Rekening donasi diblokir, rombongan Pati dikabarkan menginap di rumah Gus Dur
Koordinator Aliansi Masyarakat Pati Bersatu (AMPB), Supriyono alias Botok, kembali menjadi sorotan. Hari ini beredar video di media sosial Facebook yang memperlihatkan dirinya dan rombongan Pati berada di kompleks kediaman keluarga mantan Presiden Abdurrahman Wahid atau Gus Dur.
Video tersebut beredar di akun Facebook War Ji Pati. Dalam video itu, Supriyono disebut menginap di kediaman Gus Dur setelah diantar dan dikawal sejumlah pengemudi ojek online atau ojol pada Senin (24/8) sore.

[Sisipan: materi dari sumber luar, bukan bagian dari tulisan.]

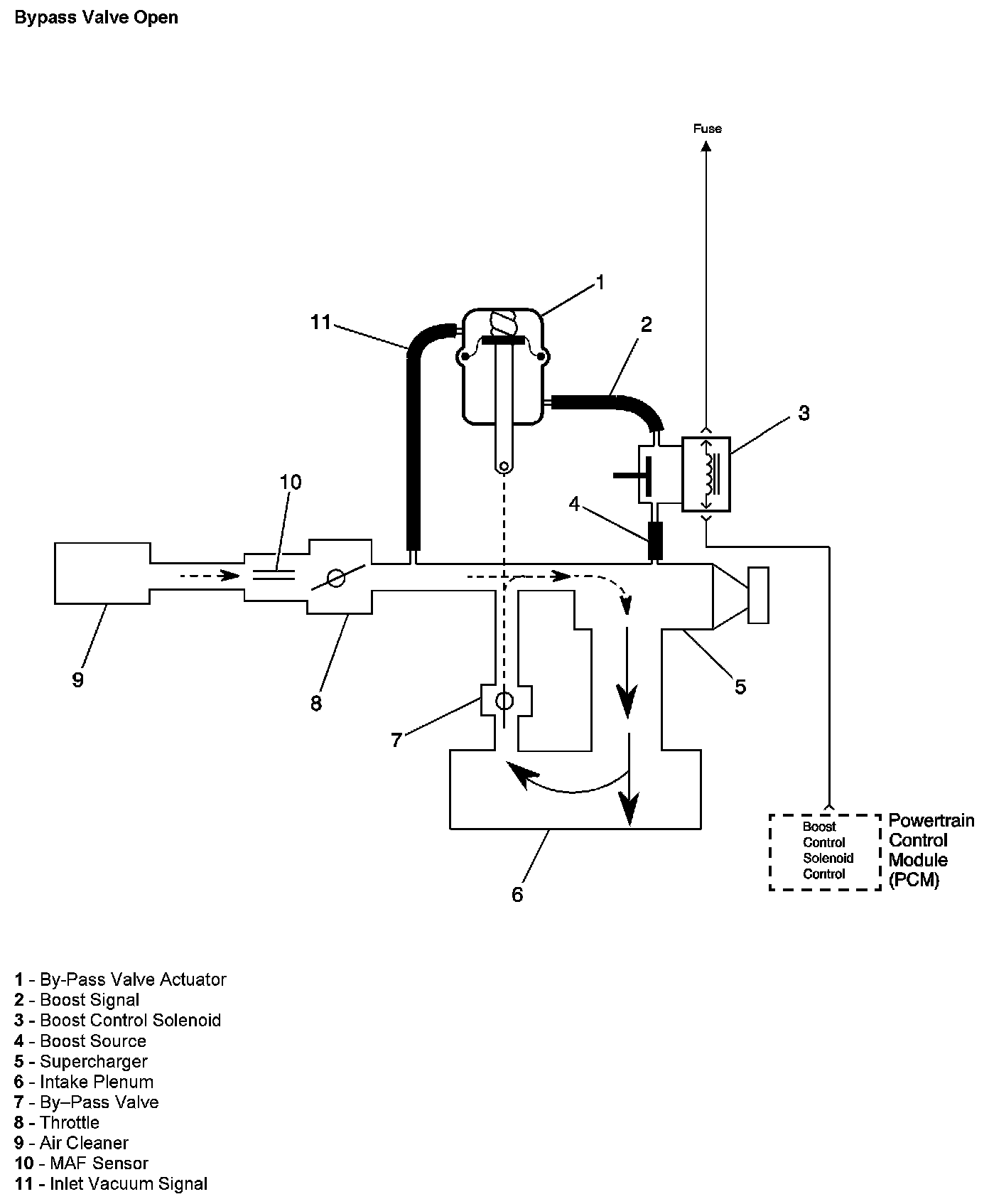 The PCM controls boost pressure by using the boost control solenoid. The boost control solenoid is normally an open valve. Under most conditions, the PCM commands the boost control solenoid to operate at a 100 percent duty cycle. This keeps the solenoid valve closed and allows only inlet vacuum to control the position of the bypass valve. At idle, engine vacuum is applied to the upper side of the bypass valve actuator, counteracting spring tension to hold the bypass valve open. As engine load is increased, engine vacuum is decreased, causing the spring in the bypass valve actuator to overcome the applied vacuum, closing the bypass valve and allowing the boost pressure to increase. When reduced boost pressure is desired, the PCM commands the boost control solenoid to operate at a 0 percent duty cycle. This opens the solenoid valve and allows boost pressure to enter the bypass valve actuator at the lower side to counteract the spring tension, opening the bypass valve and recirculating excess boost pressure back into the supercharger inlet.

"Jadi, kedatangan Mas Botok ke sini dan kawan-kawan, salah satu di antaranya, adalah untuk menyampaikan ucapan terima kasih karena pada saat terjadi pergolakan di Pati, Mas Botok menjadi tersangka, Pak Teguh menjadi tersangka, keluarga Abdurrahman Wahid memberikan dukungan kepada Mas Botok di Pati," kata perwakilan AMPB dalam video tersebut, dikutip Selasa (25/8).
Perwakilan AMPB itu menyebut kedatangan mereka juga bertujuan melaksanakan salat di Masjid Al-Munawwaroh yang berada di kompleks kediaman keluarga Gus Dur, Jakarta Selatan.
Dalam video itu, Supriyono juga menyampaikan terima kasih kepada kelompok ojol serta masyarakat Jakarta dan daerah lain yang telah mengantarnya ke kompleks kediaman keluarga Gus Dur.
Ia kemudian menyerukan agar semangat perlawanan masyarakat Pati dan Jakarta terhadap apa yang disebutnya sebagai kezaliman dan ketidakadilan menyebar ke seluruh Indonesia.
"Semoga persatuan ini, semoga semangat perlawanan rakyat Pati dan rakyat Jakarta melawan kezaliman, ketidakadilan yang dilakukan penguasa menyebar ke seluruh negeri," ujar Supriyono.
Katadata mencoba mengonfirmasi kabar dari video tersebut kepada dua putri Gus Dur, yakni Yenny Wahid dan Alissa Wahid. Hingga berita ini ditulis, keduanya belum memberikan respons.
Hubungan massa aksi Pati dengan keluarga Gus Dur sudah pernah terjalin. Pada 5 Maret 2026, putri Gus Dur, Inayah Wahid, hadir dalam sidang vonis Supriyono dan Teguh Istiyanto di Pengadilan Negeri Pati. Inayah menyatakan hadir mewakili keluarga Gus Dur untuk menemani masyarakat Pati.
Rekening Rp 80,9 Juta Diblokir
Munculnya video tersebut terjadi setelah polemik rekening Supriyono mencuat. Supriyono sebelumnya mengungkap rekening Bank Mandiri miliknya yang berisi dana pribadi sekaligus donasi masyarakat sekitar Rp 80,9 juta tidak dapat digunakan.
Botok mengungkapkan rencananya digunakan untuk kebutuhan operasional, akomodasi, dan logistik massa yang akan mengikuti aksi di Jakarta.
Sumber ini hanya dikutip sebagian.